My Chair and I talked this morning by phone. I expected her to offer guidance on how to approach the revisions. Instead she said, “This document is yours, now. It's not mine, it's not the Graduate School's, it's yours. So how you want to address these changes is up to you.” I thought, That's so nice. And then I thought, So if there is anything wrong with this dissertation now, it's on me, not my mentors, not the school. Right. Okay, no problem. I can own it.

I'm so unskillful on the phone. “Wow,” I managed to say.

“Here's what will happen now. Make the revisions, don't overthink it. Today or tomorrow, get it done. I'll send it to the Committee, and then to the Graduate School for the final review.”

“Okay,” I said.

“After that, I'll schedule some blocks of time for your oral defense, about two weeks out. You need to send me your PowerPoint 10 days before the day.”

“Uh, okay,” I said.

“Download the proctor form and notify your proctor.”

“Whoa,” I said.

“You're ready. You did a fantastic job. You are a fantastic scholar. We need to keep in touch.”

I managed to thank her. We signed off. I hung up the phone and looked at my cat, reclining on his chair next to me. He opened one eye and looked at me.

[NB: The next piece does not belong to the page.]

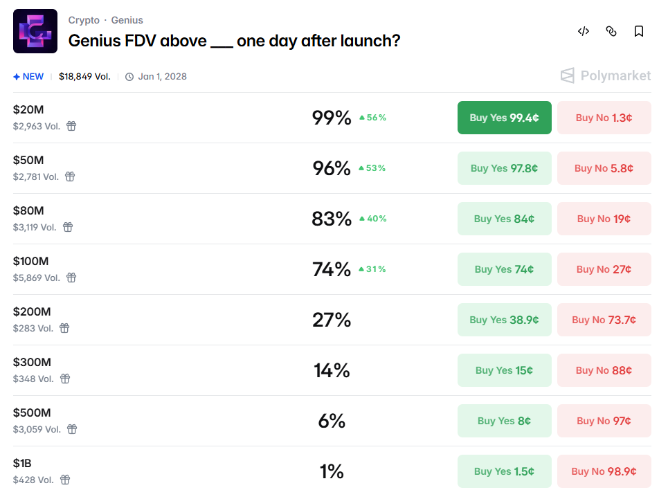 Polymarket「Genius 開盤一日後 FDV」預測市場截圖
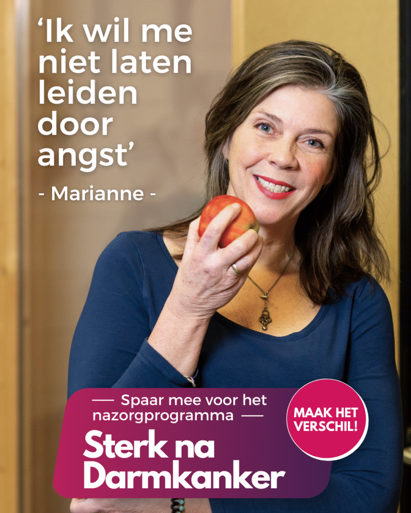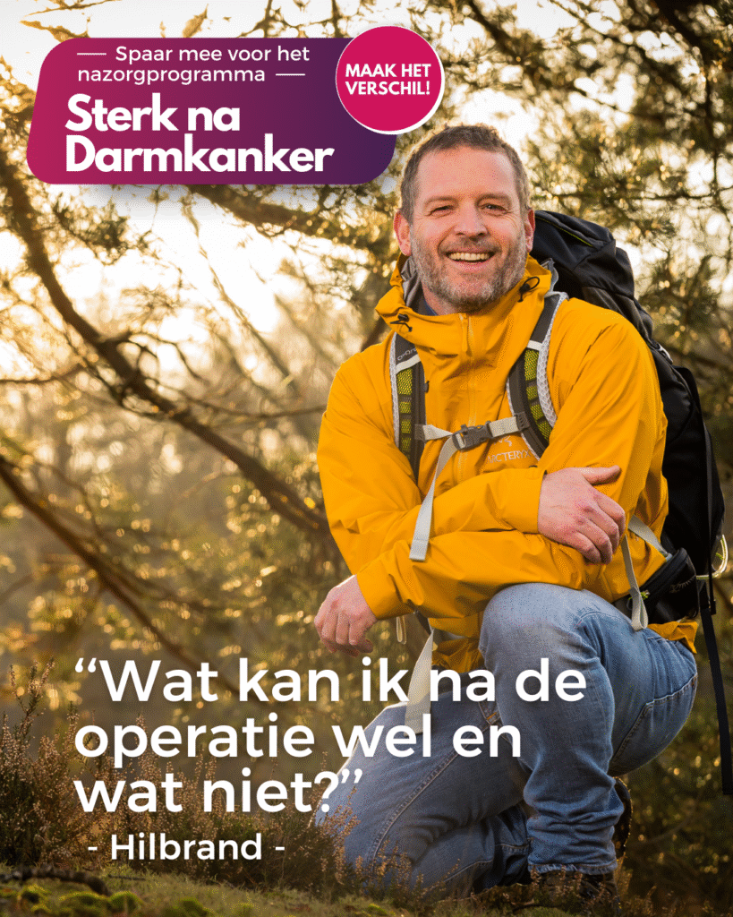 4 november 2024 ‘We beleefden deze rollercoaster allebei anders’ 25 oktober 2024 Boordevol informatie en inspiratie: ons magazine Voor elkaar! 25 oktober 2024 Vermoeidheid wordt chronisch probleem voor 1 op de 3 ex-kankerpatiënten 17 oktober 2024 Leven tot het laatst 2 oktober 2024 Red levens: Verlaag het bevolkingsonderzoek darmkanker naar 50 jaar 1 oktober 2024 ‘Artsen en patiënten hebben vaak een ander doel’ 25 september 2024 Dag van de uitgezaaide darmkanker 18 september 2024 Word jij de nieuwe bestuursvoorzitter van Stichting Darmkanker? 6 september 2024 ‘Ik moest alles zelf uitvinden en op zoek naar antwoorden’ 22 augustus 2024 Iedereen AAN, tegen kanker 18 augustus 2024 ‘Wat kan ik na de operatie wel en wat niet?’ 14 augustus 2024 Download de Hoge Nood app! 8 augustus 2024 ‘Ik wil me niet leiden door angst’ 1 augustus 2024 ‘Zonder tennis had ik hier misschien niet gestaan’ 25 juli 2024 Heb jij onze Darmkanker app al gedownload? 123456...10

“I'm almost done,” I told him. He looked skeptical, stretched, and closed his eye. I wish I could be that cool.


October 29, 2013

The chronic malcontent twiddles and frets

Today I checked the university course room (as I have been doing at least twice a day for the past 10 days) and found an email from my Chair. She said she has feedback on my dissertation manuscript from the reviewers at the Graduate School. “Not many changes at all,” is how she described it. That sounds promising. Only one problem. The university has failed to set up my next course, a situation that has not occurred in the eight years I've been allowing them to siphon my discretionary income from my bank account. (I suspect it is because I'm technically at the end of my program, no more time on the clock.) So right now I'm not enrolled in any course. Which means the Chair can't upload the feedback. No place to upload to, apparently. She can't just email it to me? Nope. I sent an email to my adviser. Maybe in a few days, they will figure out that they granted me an extension and decide it's okay to set up a new course.

So, the bad news is, the paper was not approved. The good news is, it sounds like the revisions might not be massively substantial. The bad news is I can't see the feedback until the university enrolls me in the next course. The good news is... I guess I get a few more days of thumb-twiddling.

I've cleaned everything I feel like cleaning. Other than laying around watching rom coms and eating bon bons, there's not much to do except fret over how long my savings will last. With the fear monkeys on my back, I've felt inspired to gingerly poke my toe back into my self-employment adventure. I forget what I was working on, though: it's been three months, my brain is a sieve, and information is water. I have a jumbled to-do list, and every time I try to sneak up on an item—update PayPal account, for example—I find myself sitting at my kitchen table drinking coffee and reading vampire romance novels under the soothing glare of my new shop light.

I'm sneaking up on my to-do list while I wait to revise my dissertation. I'm starting slowly, with the easier stuff. For instance, I redesigned my personal website. One Wordpress page, displaying a photo of me, plus a terse explanation of who I am and what I do. That sounds so simple, doesn't it. Not. It's hard to write about oneself. I'd rather write about you. Who are you, by the way?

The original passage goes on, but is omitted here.